Мэдди не удержалась, чтобы не уколоть ‘Ринга за его прежние насмешки над ее отцом:

— Ну да. Широкоплечий гигант, таскающий на спине рояли.

— Думаю, он и с этим бы справился. — Взгляд ‘Ринга был устремлен куда-то вдаль. — Помнишь, ты спросила меня, где я научился так бесшумно передвигаться? Читая дневники Джефферсона Уорта. Мои братья и я часто играли, изображая Уорта и его людей. Я всегда был самим Джефферсоном Уортом, брат Джейми — Томасом Армором, а…

— Томасу это понравится.

‘Ринг покачал головой:

— Просто не верится, что все они до сих пор живы и что я сижу здесь с дочерью Джефферсона Уорта. А как звали индейского мальчика? Странное такое имя. Мы всегда спорили до драки, кому быть этим мальчиком.

— Чуткое Ухо.

— Да, верно. Он так сам себя назвал после того, как твой отец свозил его на Восток и ему прооперировали уши.

Мэдди улыбнулась. Она знала эту историю наизусть, будто сама при всем присутствовала.

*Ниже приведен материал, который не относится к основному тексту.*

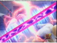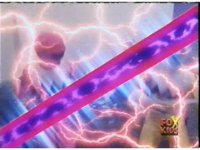 Yellow & Pink attack Destruxo, who blocks their attempts and sparkily slashes them back. He then does another pair of energy slices into the two, knocking them into the forcefield wall, then down. |

— Он был глухим, и отец повез его на Восток. После операции он знаками объяснил, что теперь его надо называть Чуткое Ухо. Раньше его звали Глухое Ухо.

‘Ринг тоже улыбался, вспоминая.

— А еще с ними была женщина, верно? Твой отец взял в эти края первую белую женщину. Она должна была делать зарисовки индейцев.

— Да.

— Мой отец купил одну из ее акварелей. На ней изображено племя, о котором я никогда не слышал, но он со своими людьми как-то провел с ними зиму.

— Наверное, это манданы. Спустя два года после того, как она нарисовала эту картину, чуть ли не все они вымерли в результате эпидемии оспы.

‘Ринг ненадолго задумался, потом продолжал:

— Моя кузина Таггерт всегда изображала эту женщину, и мы что-то такое делали, о чем прочли в дневниках, что приводило ее в ярость. Что это было?

— Ну, наверное, один из вас, что изображал Чуткое Ухо, таскал у нее вещи.

— Да, верно. И как я мог забыть? Чуткое Ухо, когда был глухим, не мог ничего украсть, потому что слишком шумел. Но как только он стал слышать, он начал ради практики красть у нее вещи, и, если я правильно помню, она ужасно сердилась.

— Да, но она ему отомстила.

— Не могу представить как.

— Однажды после утомительного дневного перехода Чуткое Ухо крепко заснул — все-таки ему было всего двенадцать, — тогда она подкралась и забрала все его вещи, включая и набедренную повязку. Он проснулся утром абсолютно голый, а все его вещи куда-то пропали.

‘Ринг улыбнулся:

— Да, моей кузине доставило бы немалое удовольствие разыграть эту сцену, да только о ней не было написано в дневниках. Зато мои братья и я постоянно пытались стащить что-нибудь друг у друга. Но в конце концов что-то там получилось, и та женщина простила Чуткое Ухо…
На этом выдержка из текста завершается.